## Requirement
Copy each entry verbatim, excluding its images.

[Dataset excerpts]
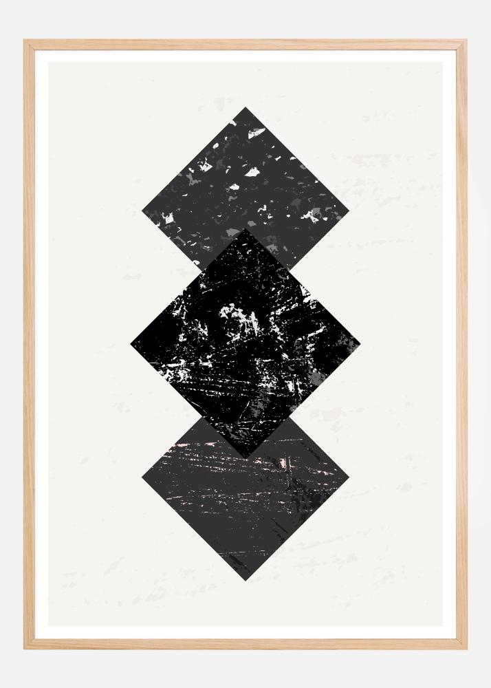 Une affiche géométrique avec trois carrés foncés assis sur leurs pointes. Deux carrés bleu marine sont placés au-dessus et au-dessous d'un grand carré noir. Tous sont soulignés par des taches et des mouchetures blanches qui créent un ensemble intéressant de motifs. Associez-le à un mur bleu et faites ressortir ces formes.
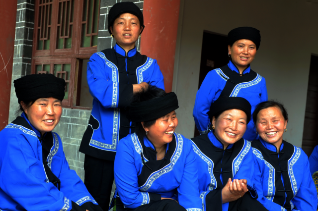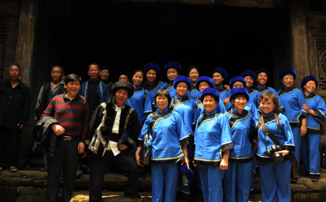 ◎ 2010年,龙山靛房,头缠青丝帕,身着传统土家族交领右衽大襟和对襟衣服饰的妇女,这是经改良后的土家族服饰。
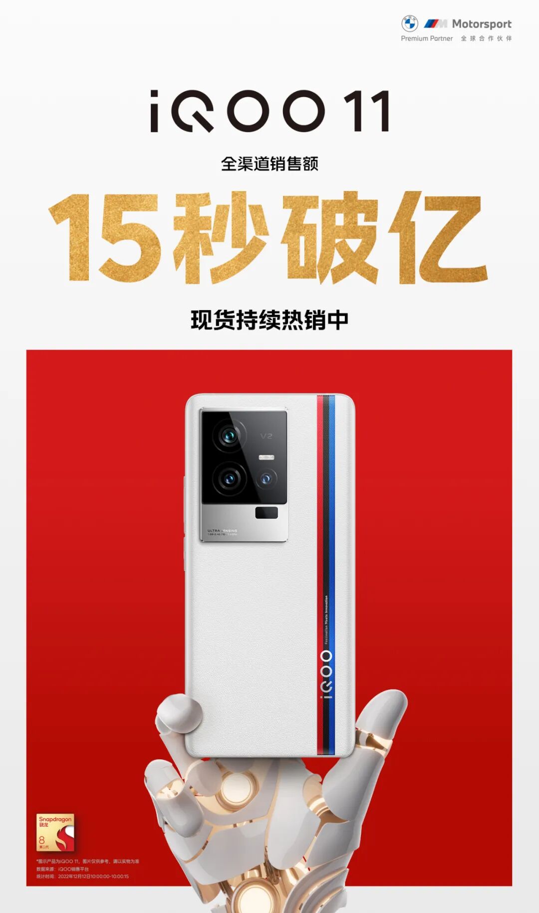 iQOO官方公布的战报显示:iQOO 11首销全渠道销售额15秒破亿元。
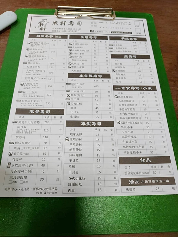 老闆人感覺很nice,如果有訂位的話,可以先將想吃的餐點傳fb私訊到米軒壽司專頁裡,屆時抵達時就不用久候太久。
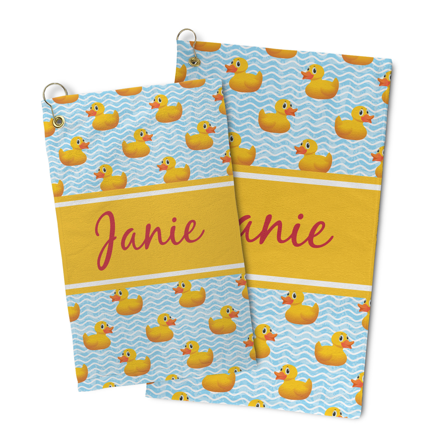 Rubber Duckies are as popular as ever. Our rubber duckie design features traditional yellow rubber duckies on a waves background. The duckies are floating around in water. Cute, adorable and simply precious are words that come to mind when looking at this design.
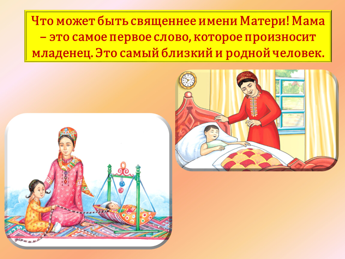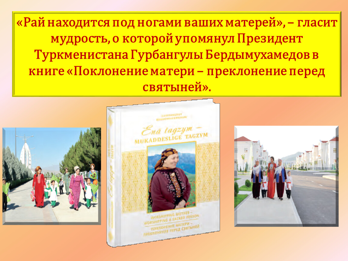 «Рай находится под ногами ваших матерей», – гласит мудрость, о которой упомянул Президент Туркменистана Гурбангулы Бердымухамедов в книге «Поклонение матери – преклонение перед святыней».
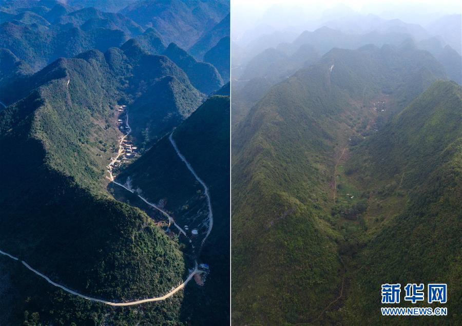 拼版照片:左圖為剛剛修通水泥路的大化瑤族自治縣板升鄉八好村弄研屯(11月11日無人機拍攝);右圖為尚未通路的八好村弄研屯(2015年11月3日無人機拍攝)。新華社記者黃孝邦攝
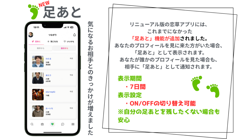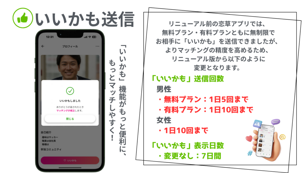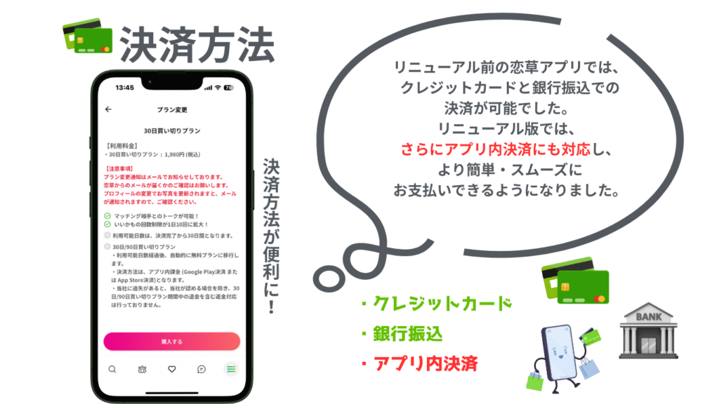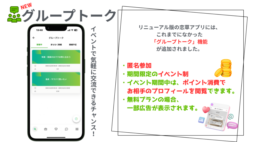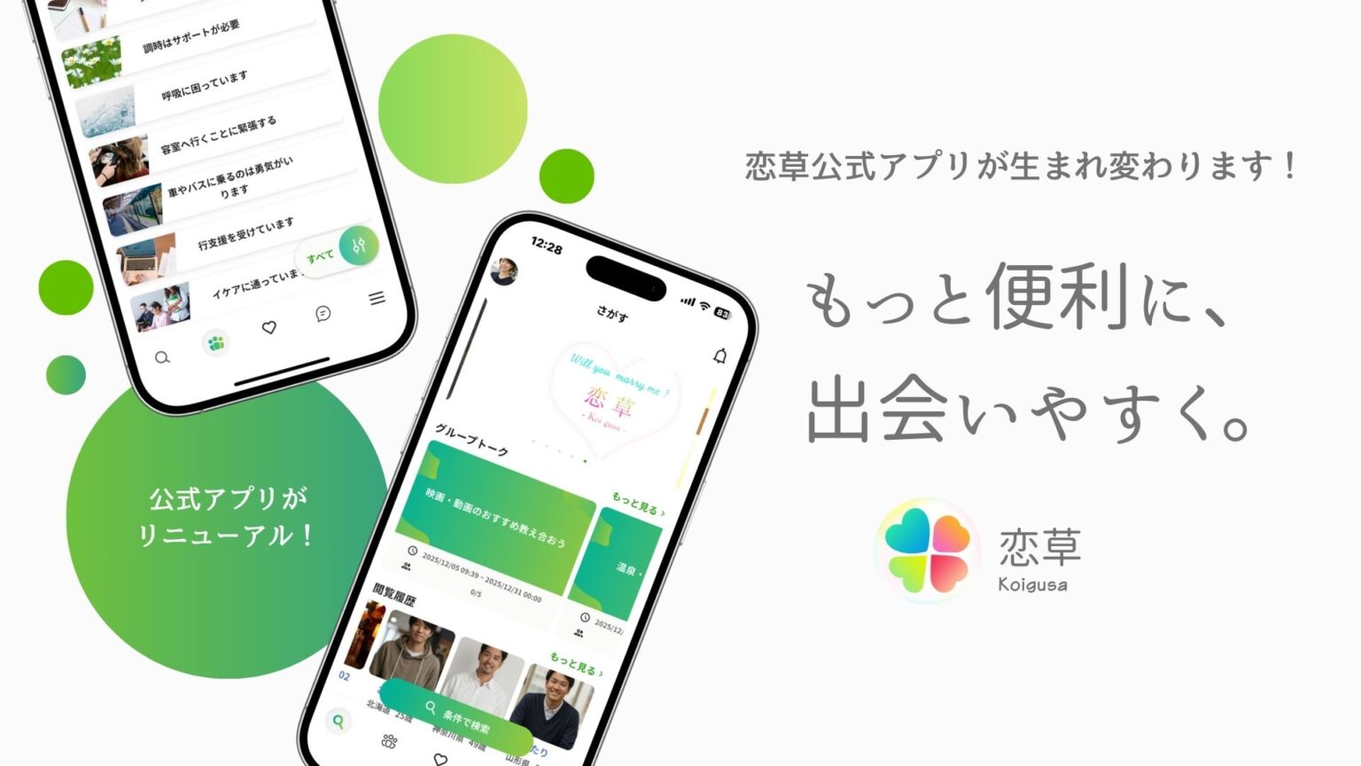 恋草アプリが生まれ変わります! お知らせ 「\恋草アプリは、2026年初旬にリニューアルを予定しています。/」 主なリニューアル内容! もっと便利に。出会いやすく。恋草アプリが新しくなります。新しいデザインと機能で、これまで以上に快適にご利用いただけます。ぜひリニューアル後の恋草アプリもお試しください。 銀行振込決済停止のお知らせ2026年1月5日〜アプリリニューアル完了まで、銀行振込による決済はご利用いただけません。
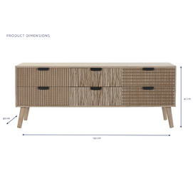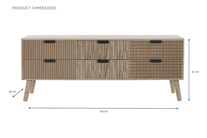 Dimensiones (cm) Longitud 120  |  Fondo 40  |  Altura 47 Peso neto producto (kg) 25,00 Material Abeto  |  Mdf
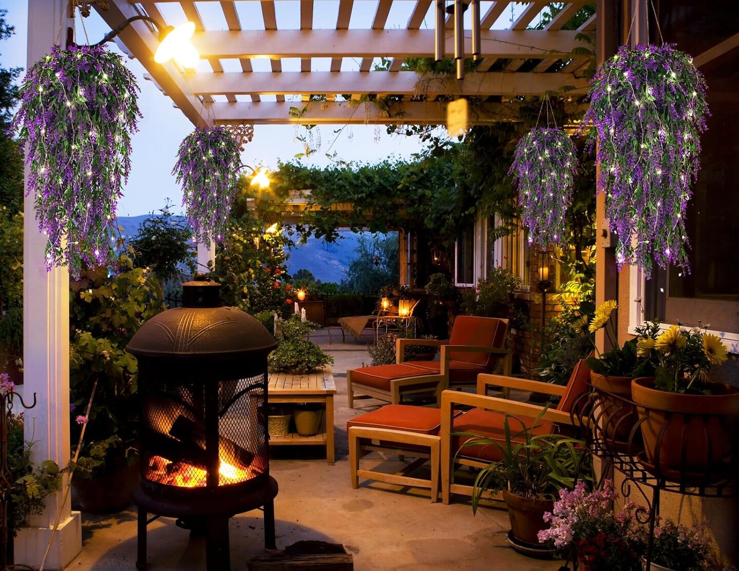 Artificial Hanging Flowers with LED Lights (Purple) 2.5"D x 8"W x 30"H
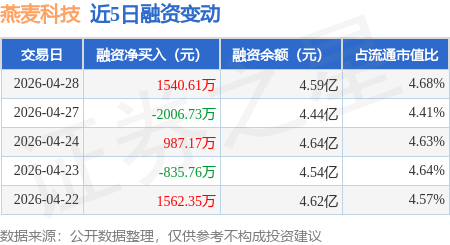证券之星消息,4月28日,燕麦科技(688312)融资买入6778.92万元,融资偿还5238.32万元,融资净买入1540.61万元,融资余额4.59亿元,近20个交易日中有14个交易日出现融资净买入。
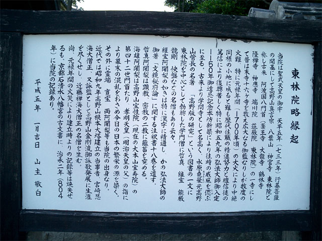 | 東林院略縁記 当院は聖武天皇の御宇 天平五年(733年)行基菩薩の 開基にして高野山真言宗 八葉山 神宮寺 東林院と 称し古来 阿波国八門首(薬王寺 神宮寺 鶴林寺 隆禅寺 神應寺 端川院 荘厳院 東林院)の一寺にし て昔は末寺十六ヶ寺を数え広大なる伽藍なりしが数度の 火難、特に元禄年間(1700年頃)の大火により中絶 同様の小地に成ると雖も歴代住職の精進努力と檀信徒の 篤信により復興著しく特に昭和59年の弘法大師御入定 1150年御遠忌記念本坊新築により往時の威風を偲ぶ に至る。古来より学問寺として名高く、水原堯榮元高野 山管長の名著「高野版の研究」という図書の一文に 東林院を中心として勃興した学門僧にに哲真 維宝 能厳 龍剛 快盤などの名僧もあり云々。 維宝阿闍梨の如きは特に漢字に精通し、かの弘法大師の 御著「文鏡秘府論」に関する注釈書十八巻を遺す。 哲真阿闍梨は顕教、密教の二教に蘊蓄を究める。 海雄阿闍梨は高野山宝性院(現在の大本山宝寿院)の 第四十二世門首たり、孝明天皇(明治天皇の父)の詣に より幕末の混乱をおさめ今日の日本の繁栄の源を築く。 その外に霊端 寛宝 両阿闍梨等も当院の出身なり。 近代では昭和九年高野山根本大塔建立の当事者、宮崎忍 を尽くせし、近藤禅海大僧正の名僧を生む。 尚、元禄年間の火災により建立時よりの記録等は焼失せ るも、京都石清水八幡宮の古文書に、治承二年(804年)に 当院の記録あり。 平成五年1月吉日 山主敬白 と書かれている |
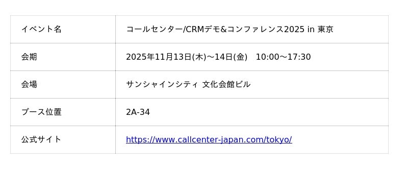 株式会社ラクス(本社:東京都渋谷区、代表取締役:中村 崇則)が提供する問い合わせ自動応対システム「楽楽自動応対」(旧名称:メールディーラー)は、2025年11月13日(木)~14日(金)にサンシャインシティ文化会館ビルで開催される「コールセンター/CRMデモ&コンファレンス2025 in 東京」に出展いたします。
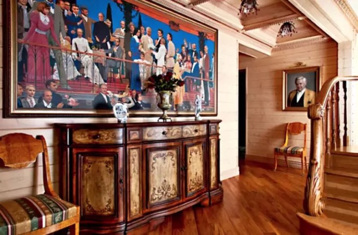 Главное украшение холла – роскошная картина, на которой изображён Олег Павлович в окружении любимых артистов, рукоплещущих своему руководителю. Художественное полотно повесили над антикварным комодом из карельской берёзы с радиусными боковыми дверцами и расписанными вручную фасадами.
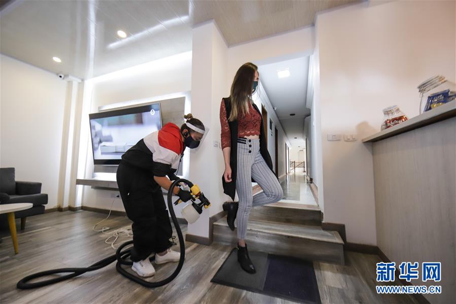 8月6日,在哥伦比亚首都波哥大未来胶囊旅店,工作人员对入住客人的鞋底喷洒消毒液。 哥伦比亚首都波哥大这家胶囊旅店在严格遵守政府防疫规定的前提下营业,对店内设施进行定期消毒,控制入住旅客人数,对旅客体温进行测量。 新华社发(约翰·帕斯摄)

## Response to this task
 Une affiche géométrique avec trois carrés foncés assis sur leurs pointes. Deux carrés bleu marine sont placés au-dessus et au-dessous d'un grand carré noir. Tous sont soulignés par des taches et des mouchetures blanches qui créent un ensemble intéressant de motifs. Associez-le à un mur bleu et faites ressortir ces formes.
 ◎ 2010年,龙山靛房,头缠青丝帕,身着传统土家族交领右衽大襟和对襟衣服饰的妇女,这是经改良后的土家族服饰。
 iQOO官方公布的战报显示:iQOO 11首销全渠道销售额15秒破亿元。
 老闆人感覺很nice,如果有訂位的話,可以先將想吃的餐點傳fb私訊到米軒壽司專頁裡,屆時抵達時就不用久候太久。
 Rubber Duckies are as popular as ever. Our rubber duckie design features traditional yellow rubber duckies on a waves background. The duckies are floating around in water. Cute, adorable and simply precious are words that come to mind when looking at this design.
 «Рай находится под ногами ваших матерей», – гласит мудрость, о которой упомянул Президент Туркменистана Гурбангулы Бердымухамедов в книге «Поклонение матери – преклонение перед святыней».
 拼版照片:左圖為剛剛修通水泥路的大化瑤族自治縣板升鄉八好村弄研屯(11月11日無人機拍攝);右圖為尚未通路的八好村弄研屯(2015年11月3日無人機拍攝)。新華社記者黃孝邦攝
 恋草アプリが生まれ変わります! お知らせ 「\恋草アプリは、2026年初旬にリニューアルを予定しています。/」 主なリニューアル内容! もっと便利に。出会いやすく。恋草アプリが新しくなります。新しいデザインと機能で、これまで以上に快適にご利用いただけます。ぜひリニューアル後の恋草アプリもお試しください。 銀行振込決済停止のお知らせ2026年1月5日〜アプリリニューアル完了まで、銀行振込による決済はご利用いただけません。
 Dimensiones (cm) Longitud 120  |  Fondo 40  |  Altura 47 Peso neto producto (kg) 25,00 Material Abeto  |  Mdf
 Artificial Hanging Flowers with LED Lights (Purple) 2.5"D x 8"W x 30"H
证券之星消息,4月28日,燕麦科技(688312)融资买入6778.92万元,融资偿还5238.32万元,融资净买入1540.61万元,融资余额4.59亿元,近20个交易日中有14个交易日出现融资净买入。
 | 東林院略縁記 当院は聖武天皇の御宇 天平五年(733年)行基菩薩の 開基にして高野山真言宗 八葉山 神宮寺 東林院と 称し古来 阿波国八門首(薬王寺 神宮寺 鶴林寺 隆禅寺 神應寺 端川院 荘厳院 東林院)の一寺にし て昔は末寺十六ヶ寺を数え広大なる伽藍なりしが数度の 火難、特に元禄年間(1700年頃)の大火により中絶 同様の小地に成ると雖も歴代住職の精進努力と檀信徒の 篤信により復興著しく特に昭和59年の弘法大師御入定 1150年御遠忌記念本坊新築により往時の威風を偲ぶ に至る。古来より学問寺として名高く、水原堯榮元高野 山管長の名著「高野版の研究」という図書の一文に 東林院を中心として勃興した学門僧にに哲真 維宝 能厳 龍剛 快盤などの名僧もあり云々。 維宝阿闍梨の如きは特に漢字に精通し、かの弘法大師の 御著「文鏡秘府論」に関する注釈書十八巻を遺す。 哲真阿闍梨は顕教、密教の二教に蘊蓄を究める。 海雄阿闍梨は高野山宝性院(現在の大本山宝寿院)の 第四十二世門首たり、孝明天皇(明治天皇の父)の詣に より幕末の混乱をおさめ今日の日本の繁栄の源を築く。 その外に霊端 寛宝 両阿闍梨等も当院の出身なり。 近代では昭和九年高野山根本大塔建立の当事者、宮崎忍 を尽くせし、近藤禅海大僧正の名僧を生む。 尚、元禄年間の火災により建立時よりの記録等は焼失せ るも、京都石清水八幡宮の古文書に、治承二年(804年)に 当院の記録あり。 平成五年1月吉日 山主敬白 と書かれている |
 株式会社ラクス(本社:東京都渋谷区、代表取締役:中村 崇則)が提供する問い合わせ自動応対システム「楽楽自動応対」(旧名称:メールディーラー)は、2025年11月13日(木)~14日(金)にサンシャインシティ文化会館ビルで開催される「コールセンター/CRMデモ&コンファレンス2025 in 東京」に出展いたします。
 Главное украшение холла – роскошная картина, на которой изображён Олег Павлович в окружении любимых артистов, рукоплещущих своему руководителю. Художественное полотно повесили над антикварным комодом из карельской берёзы с радиусными боковыми дверцами и расписанными вручную фасадами.
 8月6日,在哥伦比亚首都波哥大未来胶囊旅店,工作人员对入住客人的鞋底喷洒消毒液。 哥伦比亚首都波哥大这家胶囊旅店在严格遵守政府防疫规定的前提下营业,对店内设施进行定期消毒,控制入住旅客人数,对旅客体温进行测量。 新华社发(约翰·帕斯摄)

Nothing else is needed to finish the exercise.